THE DATA
================================

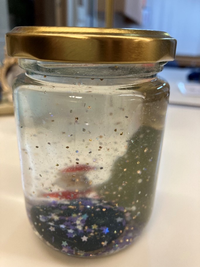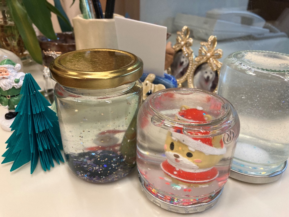 「接着にどのくらいの時間かかるかな、それにもよるよね」「接着している間に何かやりましょうか」とスノードームを作ってみることに。
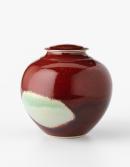 Globular jar with flat base and slight domed, wide lid; with 'sang-de-boeuf' glaze.
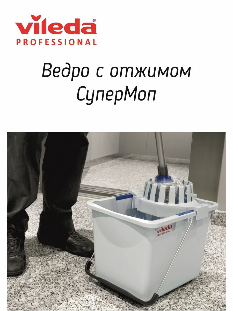 Ведро с отжимом для системы СуперМоп для уборки методом «ведро-вода». СуперМоп –компактная система с мопом веревочноготипа для уборки на небольших площадях до 75 м2. Легкая, компактная и прочная конструкция. Отжим надежно крепится на ведре и легко снимается при необходимости. Отжим имеет 3 точки опоры, что обеспечивает стабильность и упругость конструкции в процессе отжима. В процессе отжима розетка отжима складывается, усиливая давление на моп и улучшая тем самым результат отжима. Ведро имеет специальный носик для быстрого слива без разбрызгивания и уступ на дне для пальцев для удобного хвата. Эргономичная ручка для удобной переноски. Мерная шкала на внутренней стенке ведра. Ведро, вставка, отжим -100% полипропилен. Ручка –оцинкованная сталь.
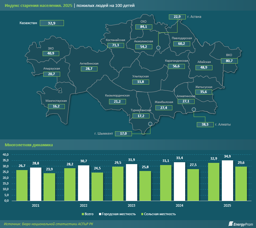 Особенно напряжённой выглядит ситуация в ряде регионов, где фактически сформировалась структура выраженного старения. Максимальные значения зафиксированы в Северо-Казахстанской (84,1), Восточно-Казахстанской (80,7) и Костанайской (71,3) областях. В этих субъектах численность пожилых граждан в ближайшей перспективе может вплотную приблизиться к числу детей. Высокие уровни также отмечаются в Павлодарской (60,2), Карагандинской (56,6) и Акмолинской (54,2) областях, что указывает на крайне неблагоприятную демографическую структуру.

================================

WORK INSTRUCTION
I'd like the material repeated word for word, without the pictures it holds.

TASK RESPONSE
 「接着にどのくらいの時間かかるかな、それにもよるよね」「接着している間に何かやりましょうか」とスノードームを作ってみることに。
 Globular jar with flat base and slight domed, wide lid; with 'sang-de-boeuf' glaze.
 Ведро с отжимом для системы СуперМоп для уборки методом «ведро-вода». СуперМоп –компактная система с мопом веревочноготипа для уборки на небольших площадях до 75 м2. Легкая, компактная и прочная конструкция. Отжим надежно крепится на ведре и легко снимается при необходимости. Отжим имеет 3 точки опоры, что обеспечивает стабильность и упругость конструкции в процессе отжима. В процессе отжима розетка отжима складывается, усиливая давление на моп и улучшая тем самым результат отжима. Ведро имеет специальный носик для быстрого слива без разбрызгивания и уступ на дне для пальцев для удобного хвата. Эргономичная ручка для удобной переноски. Мерная шкала на внутренней стенке ведра. Ведро, вставка, отжим -100% полипропилен. Ручка –оцинкованная сталь.
 Особенно напряжённой выглядит ситуация в ряде регионов, где фактически сформировалась структура выраженного старения. Максимальные значения зафиксированы в Северо-Казахстанской (84,1), Восточно-Казахстанской (80,7) и Костанайской (71,3) областях. В этих субъектах численность пожилых граждан в ближайшей перспективе может вплотную приблизиться к числу детей. Высокие уровни также отмечаются в Павлодарской (60,2), Карагандинской (56,6) и Акмолинской (54,2) областях, что указывает на крайне неблагоприятную демографическую структуру.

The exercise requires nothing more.